First, we need to calculate the number of moles of each reactant. To do this, we will divide the mass of the reactants by their respective molar masses. Molar masses: NH₃: 14.01 (N) + 3 * 1.01 (H) = 17.03 g/mol O₂: 2 * 16.00 (O) = 32.00 g/mol Number of moles of NH₃: \(= \frac {2.00 g}{17.03 g/mol} = 0.1174 \thinspace moles\) Number of moles of O₂: \(= \frac {2.50 g}{32.00 g/mol} = 0.07813 \thinspace moles\) Now that we have the moles of the reactants, we can determine the limiting reactant. According to the balanced chemical equation, 4 moles of NH₃ react with 5 moles of O₂. Therefore, the required mole ratio is: \(= \frac {4 \thinspace moles \thinspace NH_3}{5 \thinspace moles \thinspace O_2}\) Now, we compare the available moles of reactants to this ratio. Divide the available mole of each reactant by its corresponding mole value in the ratio: NH₃: \(= \frac {0.1174}{4} = 0.02935\) O₂: \(= \frac {0.07813}{5} = 0.01563\) Since O₂ has a smaller ratio, it is the limiting reactant.

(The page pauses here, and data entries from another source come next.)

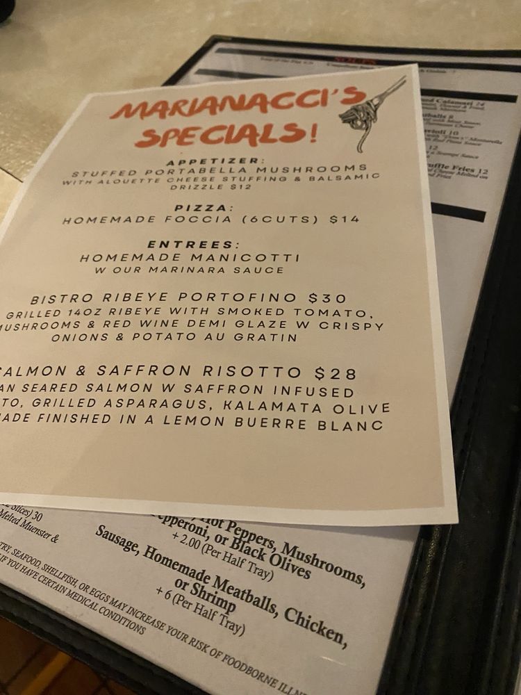 Marianacci's Restaurant offers a delightful dining experience with its intimate and romantic atmosphere, perfect for a casual yet classy night out. Located in Wyoming, PA, this restaurant specializes in wraps, pizza, and authentic Italian dishes. Customers rave about the homemade pasta, generous portions, and affordable prices. The menu boasts a variety of vegetarian options and caters to dietary restrictions with ease. The attentive waitstaff and excellent service add to the overall experience. Whether you're dining in for a special occasion or grabbing takeout, Marianacci's Restaurant is a must-visit for delicious food and a welcoming ambiance. With positive reviews praising the flavorful dishes like cannelloni, seared salmon, and homemade Italian sampler, you're sure to find a new favorite dish to enjoy here. Don't miss out on the opportunity to dine at Marianacci's Restaurant and indulge in their delectable offerings.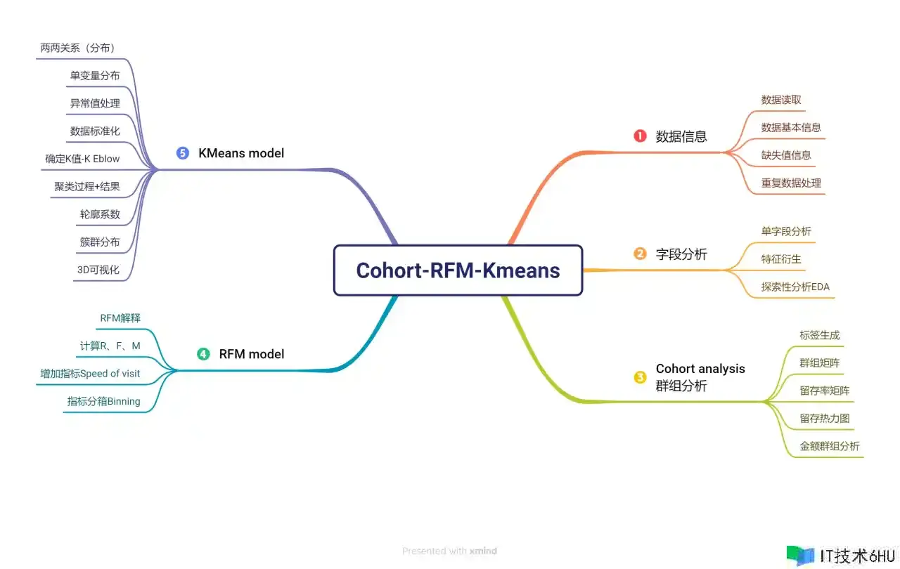 本文介绍用户群组分析Cohort analysis、RFM用户分层模型、Kmeans用户聚类模型的完整实施过程。
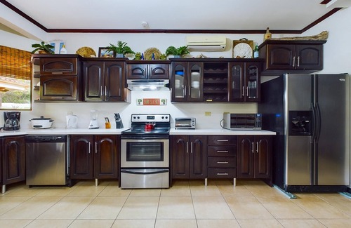Great home near the exotic Playa Conchal for up to 13 people, between the main and the guest house. The main house is a single story of 3750 sq. ft. Beautiful newly built, this colonial-style luxury vacation rental is located in the private and secure gated community of Catalina Cove. It has beautiful tropical landscaped gardens and a private and huge swimming pool.

We will use the number of moles of the limiting reactant (O₂) to find out the number of moles of the products formed (NO and H₂O). According to the balanced equation, 5 moles of O₂ react to form 4 moles of NO and 6 moles of H₂O. Number of moles of NO formed: \(= \frac {4 \thinspace moles \thinspace NO}{5 \thinspace moles \thinspace O_2} \times 0.07813 \thinspace moles \thinspace O_2 = 0.06250 \thinspace moles \thinspace NO\) Number of moles of H₂O formed: \(= \frac {6 \thinspace moles \thinspace H_2O}{5 \thinspace moles \thinspace O_2} \times 0.07813 \thinspace moles \thinspace O_2 = 0.09375 \thinspace moles \thinspace H_2O\) Now, multiply these values by their respective molar masses to find the mass of the formed products: Mass of NO formed: \(= 0.06250 \thinspace moles \thinspace NO \times \frac {30.01 \thinspace g}{1 \thinspace mol} = 1.875 \thinspace g \thinspace NO\) Mass of H₂O formed: \(= 0.09375 \thinspace moles \thinspace H_2O \times \frac {18.02 \thinspace g}{1 \thinspace mol} = 1.689 \thinspace g \thinspace H_2O\)

We know that O₂ is the limiting reactant, and thus, it will be completely consumed. We will now calculate how many moles of NH₃ were consumed during this reaction: Number of moles of NH₃ consumed: \(= \frac {4 \thinspace moles \thinspace NH_3}{5 \thinspace moles \thinspace O_2} \times 0.07813 \thinspace moles \thinspace O_2 = 0.06250 \thinspace moles \thinspace NH_3\) Now, we will find the number of moles of NH₃ remaining: Number of moles of NH₃ remaining: \(= 0.1174 \thinspace moles \thinspace NH_3 - 0.06250 \thinspace moles \thinspace NH_3 = 0.05490 \thinspace moles \thinspace NH_3\) Finally, we will calculate the mass of NH₃ remaining by multiplying it with the molar mass of NH₃: Mass of NH₃ remaining: \(= 0.05490 \thinspace moles \thinspace NH_3 \times \frac {17.03 \thinspace g}{1 \thinspace mol} = 0.935 \thinspace g \thinspace NH_3\)

According to the law of conservation of mass, the total mass of reactants should equal the total mass of products and unreacted excess reactant: Mass of reactants: \(= 2.00 \thinspace g \thinspace NH_3 + 2.50 \thinspace g \thinspace O_2 = 4.50 \thinspace g\) Add the masses of formed products NO and H₂O, and unreacted NH₃: Mass of products and remaining excess reactant: \(= 1.875 \thinspace g \thinspace NO + 1.689 \thinspace g \thinspace H_2O + 0.935 \thinspace g \thinspace NH_3 = 4.50 \thinspace g\) Since the total mass of reactants equals the total mass of products and the excess reactant, our calculations are consistent with the law of conservation of mass.